++++ PROVIDED ENTRIES ++++

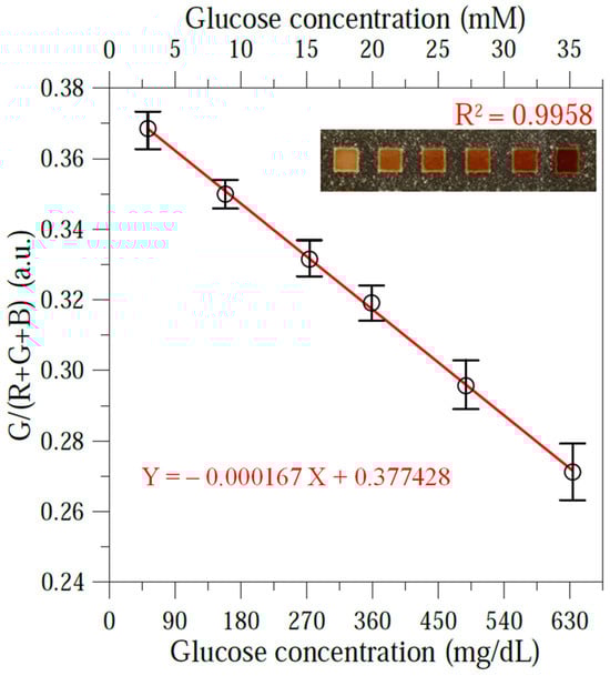 The glucose determination performance of the μPAD system was investigated by diluting sheep plasma samples with PBS to obtain control samples with glucose concentrations ranging from 45 to 630 mg/dL, covering the full clinical range associated with normal and diabetic glucose levels. For each sample, the R, G, and B intensity values were independently measured at least five times to ensure the reliability of the results. An analysis of the measured R, G, and B values indicated that the intensity ratio of G/(R + G + B) provided the best fit with the glucose concentration of the control samples. As shown in Figure 8, the optimal calibration equation was determined to be Y = −0.000167 X + 0.377428, with a near-ideal correlation coefficient of R2 = 0.9958. The μPAD system has a detection sensitivity of 0.000167 (a.u.)/(mg/dL), indicating an ideal inverse proportional relationship. Thus, the formula was implemented in the second app on the smartphone to facilitate the glucose determination of unseen blood samples. The limit of detection for glucose detection was calculated to be around 4 mg/dL using the mean (blank) + 3SD (standard deviation) [53], which is comparable to previously reported colorimetric methods (1.8–19.8 mg/dL) [21,54].
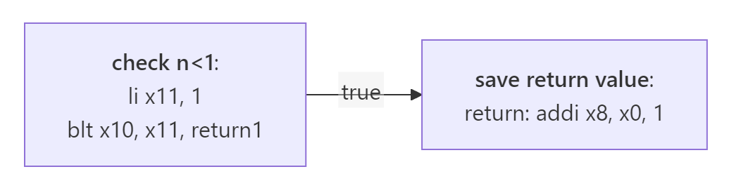 Here, we are storing our parameter n in x10, and x8 is a saved argument. Then let’s go to the next logic.
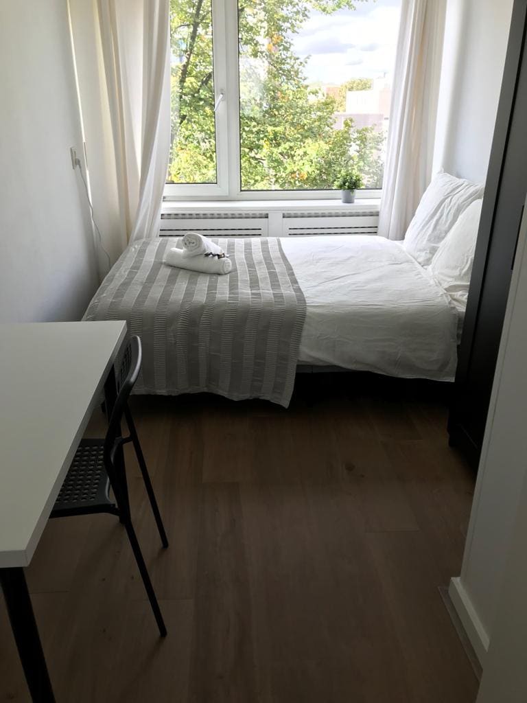 Охайна мебльована спальня для однієї акуратної жінки в чистій квартирі. З номера відкривається прекрасний вид на центр Шидама. 10 хвилин пішки до центрального вокзалу Ш 'єдам. 1 хв пішки до трамвая безпосередньо до центрального вокзалу Роттердама та центру. 10 хвилин пішки до торгового центру Schiedam. Тепер у кімнаті є товсті штори, щоб затемнити кімнату під час сну! Ви маєте доступ до акуратної мебльованої ванної кімнати, туалету та кухні.
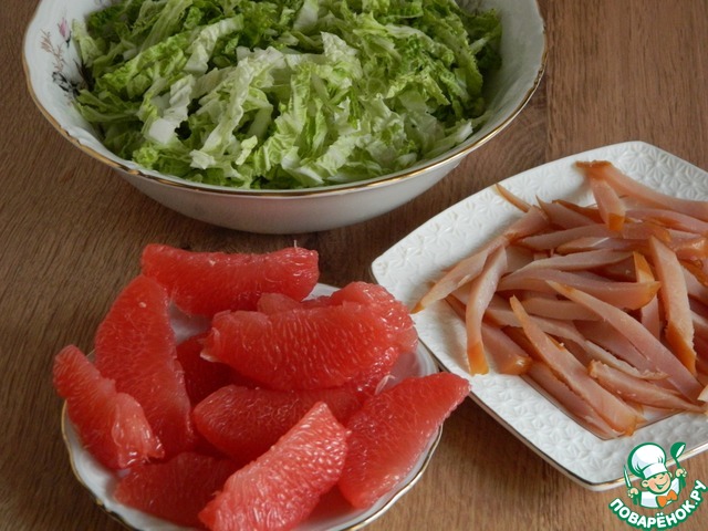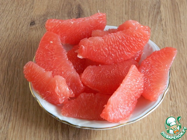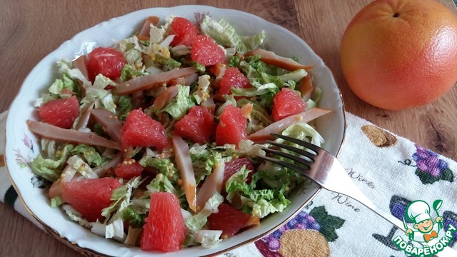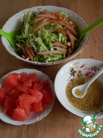 Этот легкий и вкусный салат станет частым гостем на Вашем столе. К тому же он очень быстро готовится, продуктов минимум. Осень пора, когда на рынке появляются необыкновенные грейпфруты. Если у них ярко красная шкурка, то и внутри мякоть красная, безумно красивая. Салат с таким фруктом очень красиво смотрится, на фоне зелени капусты. Зерна горчицы добавляют пикантности салату. Горчинка грейпфрута делает салат непредсказуемо притягательным.
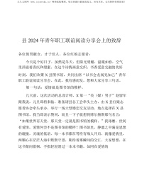 县2024年青年职工联谊阅读分享会上的致辞
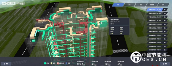 在空调与机械通风系统中,用户能够直观了解建筑内部风管道的布局,及相关设备的能耗信息,同时也能实时监控单个设备的详细运行参数。
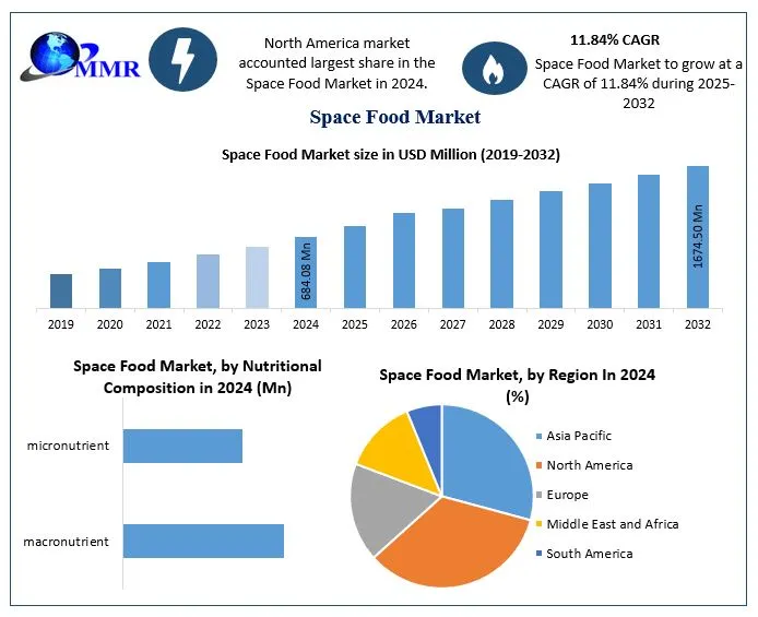 The global Space Food Market is entering a transformative phase as space exploration accelerates beyond low-Earth orbit and into long-duration missions targeting the Moon, Mars, and deep space. Valued at USD 684.08 million in 2024, the market is projected to grow at a robust CAGR of 11.84% from 2025 to 2032, reaching nearly USD 1,674.50 million by 2032. This expansion reflects rising investments by government space agencies and private aerospace companies in advanced food technologies that ensure astronaut health, mission sustainability, and psychological well-being during extended space travel.

++++

→ **GOAL OF THE EXERCISE**: Beginning at the line with "Этот легкий и", reproduce word for word each line through the last line of the records. Include both ends but no pictures.

→ **SOLUTION FOR THIS TASK**:
 Этот легкий и вкусный салат станет частым гостем на Вашем столе. К тому же он очень быстро готовится, продуктов минимум. Осень пора, когда на рынке появляются необыкновенные грейпфруты. Если у них ярко красная шкурка, то и внутри мякоть красная, безумно красивая. Салат с таким фруктом очень красиво смотрится, на фоне зелени капусты. Зерна горчицы добавляют пикантности салату. Горчинка грейпфрута делает салат непредсказуемо притягательным.
 县2024年青年职工联谊阅读分享会上的致辞
 在空调与机械通风系统中,用户能够直观了解建筑内部风管道的布局,及相关设备的能耗信息,同时也能实时监控单个设备的详细运行参数。
 The global Space Food Market is entering a transformative phase as space exploration accelerates beyond low-Earth orbit and into long-duration missions targeting the Moon, Mars, and deep space. Valued at USD 684.08 million in 2024, the market is projected to grow at a robust CAGR of 11.84% from 2025 to 2032, reaching nearly USD 1,674.50 million by 2032. This expansion reflects rising investments by government space agencies and private aerospace companies in advanced food technologies that ensure astronaut health, mission sustainability, and psychological well-being during extended space travel.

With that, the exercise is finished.